The Hungarian leader Viktor Orbán has called for Donald Trump’s return to office, claiming their shared brand of hard-right populism is on the rise around the world, in a speech to US Republicans and their European allies in Budapest.

Orbán was addressing the second annual meeting of the US Conservative Political Action Coalition (CPAC) in the Hungarian capital, aimed at cementing radical rightwing ties across the Atlantic. He said that conservatives have “occupied big European sanctuaries”, which he listed as Budapest, Warsaw, Rome and Jerusalem. He added that Vienna “is also not hopeless” .

He noted that Washington and Brussels were still in the grip of liberalism, which he described as a “virus that will atomize and disintegrate our nations”.

The Orbán government has made tentative approaches to open contacts with Ron DeSantis, with the Hungarian president, Katalin Novák, flying to meet the Florida governor in Tallahassee in March, but at Thursday’s CPAC conference it was overwhelmingly Trumpist, and Orbán threw his full-throated support behind the former US president.

He said: “I’m sure if President Trump would be the president, there would be no war in Ukraine and Europe. Come back, Mr President. Make America great again and bring us peace.”

The prime minister, who last year won his fourth consecutive term in office, portrayed Hungary’s self-described “illiberal Christian democracy” – widely criticised for its constraints on media and academic freedom, and for its anti-LGBTQ+ legislation – as a model for the world.

“Hungary is an incubator where the conservative policies of the future are being tested,” Orbán said.

The conference site, a modernist building called the Bálna, or whale, was festooned with messages echoing that theme. A gateway on the main path to the entrance declared it a “no-woke zone”. Inside, a huge map of Hungary was emblazoned with the words: “No country for woke men.”

Some guests arrived in T-shirts that displayed Orbán and Trump together as “peacemakers” and “saviors of the world”. The event’s 2023 motto was “United we stand”.

On its first day, the CPAC conference watched a 25-second video greeting from Tucker Carlson, a keen admirer of Orbán, which was clearly recorded before he was fired by Fox News last week.

“I wish I was there in Budapest. If I ever get fired, have some time, and can leave, I’ll be there with you,” Carlson promised.

Most independent journalists were refused accreditation for the event, in a country where the International Press Institute has said media freedom “remains suffocated”. During the Covid outbreak, Orbán’s government passed a law imposing prison sentences of up to five years for spreading disinformation. Hungarian journalists say the law was being used to deny them access to information, and on occasion to threaten them.

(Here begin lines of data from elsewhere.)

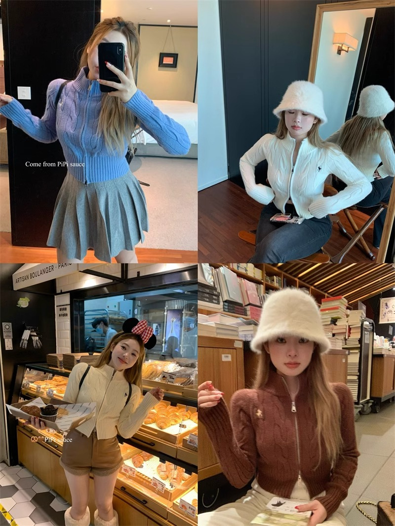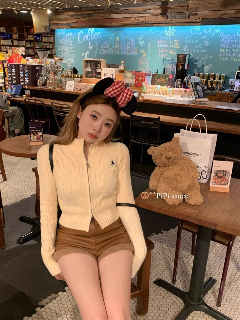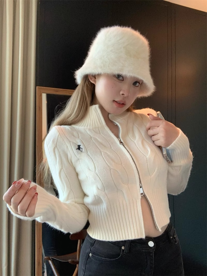 Главная страница > Свитер с вышивкой и воротником-стойкой, Женский Зимний вязаный кардиган с двойной молнией, белый тонкий короткий топ с длинными рукавами
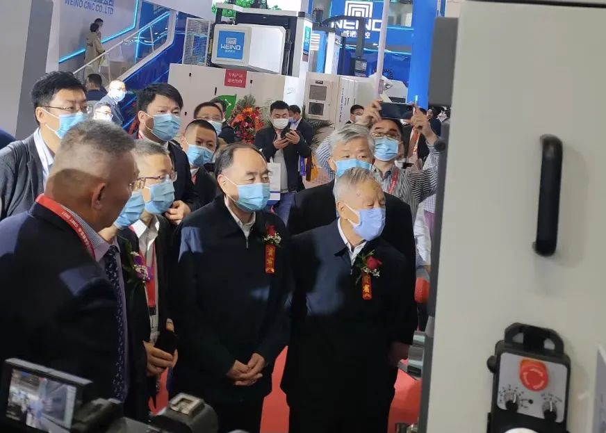 上午10时,中国机床工具工业协会执行副理事长兼秘书长王黎明、中国机床工具工业协会监事长王旭陪同原教育部部长、中国工程院院长周济,原机械工业部副部长、国务院派驻国有重点大型企业监事会原主席贾成炳等一行来到永信贵宾会展台前,永信贵宾会股份董事长孙益民、总经理董凯夫向各位贵宾汇报了永信贵宾会在解决航发叶片加工等卡脖子问题上取得的成果,目前这一成果已批量提供给航发用户。周济院长长期致力于机械设计、数控技术与智能制造的教学和研究工作,作为行业的专家,他耐心询问永信贵宾会的发展现状和产品结构。贾副部长饶有兴致地走近五轴数控强力成型磨床,近距离观察机床内部结构,孙益民董事长和董凯夫总经理向几位领导介绍了两台展品的适用范围和产品性能,以及永信贵宾会目前参与的国家04专项的进展情况,几位贵宾勉励永信贵宾会要投入更多精力到产品研发上,承担起为国内航空航天、高精度数控机床功能部件及能源装备中的关键零部件的高精、高效加工的企业责任。
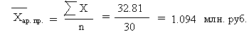 Xар. взв. =(0.94*3+1.02*7+1.1*11+1.18*5+1.26*4)/30=1.1млн. руб.
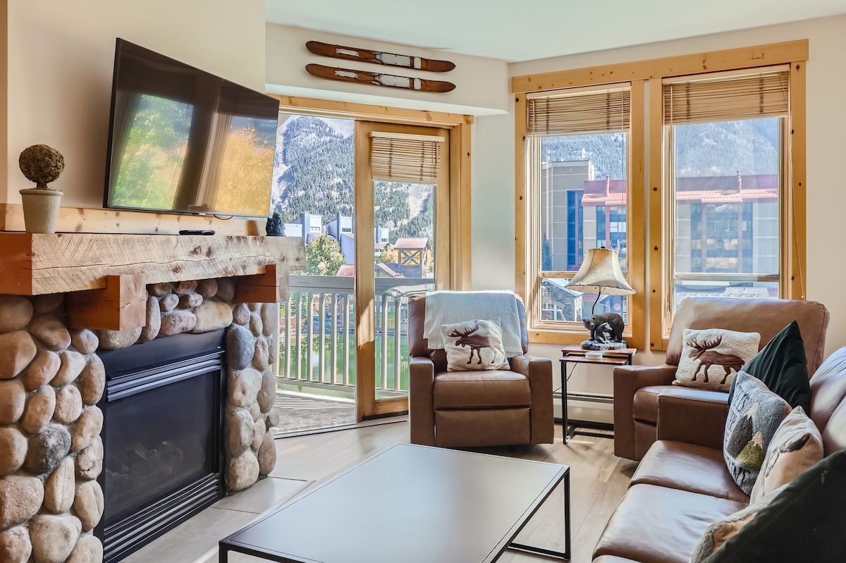 Flýðu til glæsilegrar *nýuppgerðar* lúxusíbúðar okkar í Center Village í Copper Mountain! Það bíður þín stórkostlegt útsýni yfir brekkur og lyftur, lífleg afþreying í þorpinu og nútímaleg eign með mikilli náttúrulegri birtu. Njóttu fullbúins eldhúss, rúmfata, þægilegs svefnherbergis með king-size rúmi og baðkars/baðsturtu á baðherberginu ásamt öllum nýjum, uppfærðum hágæðahúsgögnum, þar á meðal uppfærðum svefnsófa með minnissvampdýnu. Eftir dag í skíðum, göngu eða á hjóli getur þú slakað á við notalegan gasarinn,
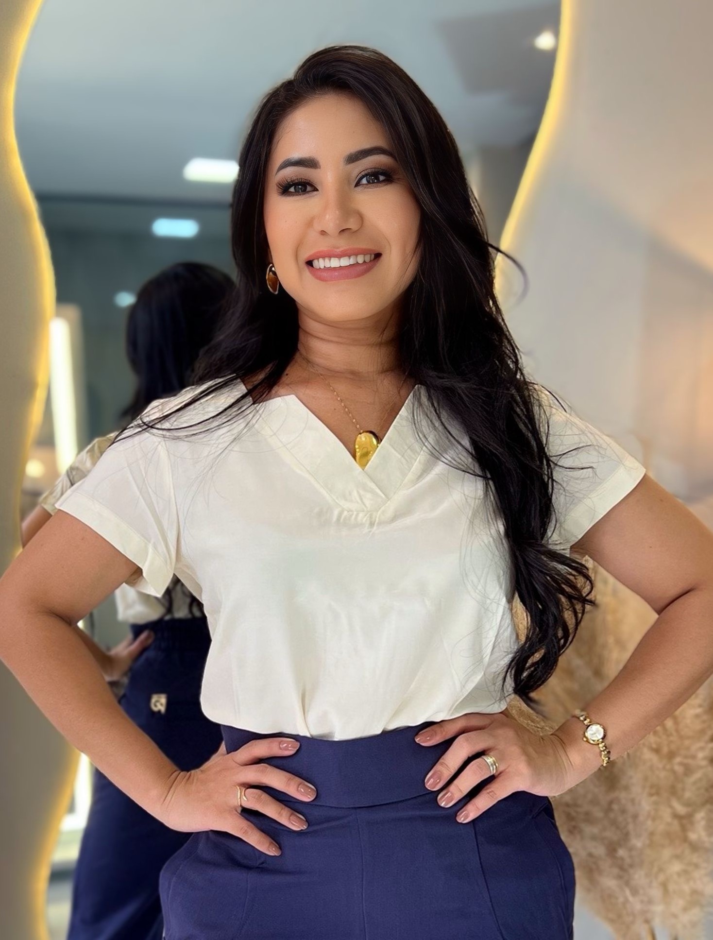• Decote V Assimétrico: Valoriza o colo com um toque moderno e sofisticado.

The CPAC chair, Matt Schlapp, said Hungary was a model for dealing with journalists. He said that he told the event’s Hungarian organisers his team “would determine who a journalist is”, adding that was “quite revolutionary for the Americans, because in America a journalist tells them who is a journalist and we treat them like a journalist”.

Schlapp said that in Hungary journalists had to follow certain rules about writing the truth and presenting “both sides” of a story.

Orbán could point to a widening of the radical right coalition this year, with the presence of the Georgian prime minister, Irakli Garibashvili, who praised his Hungarian counterpart as “far-sighted” and stressed his party Georgian Dream’s commitment to prioritising “family values” over “LGBTQ propaganda”.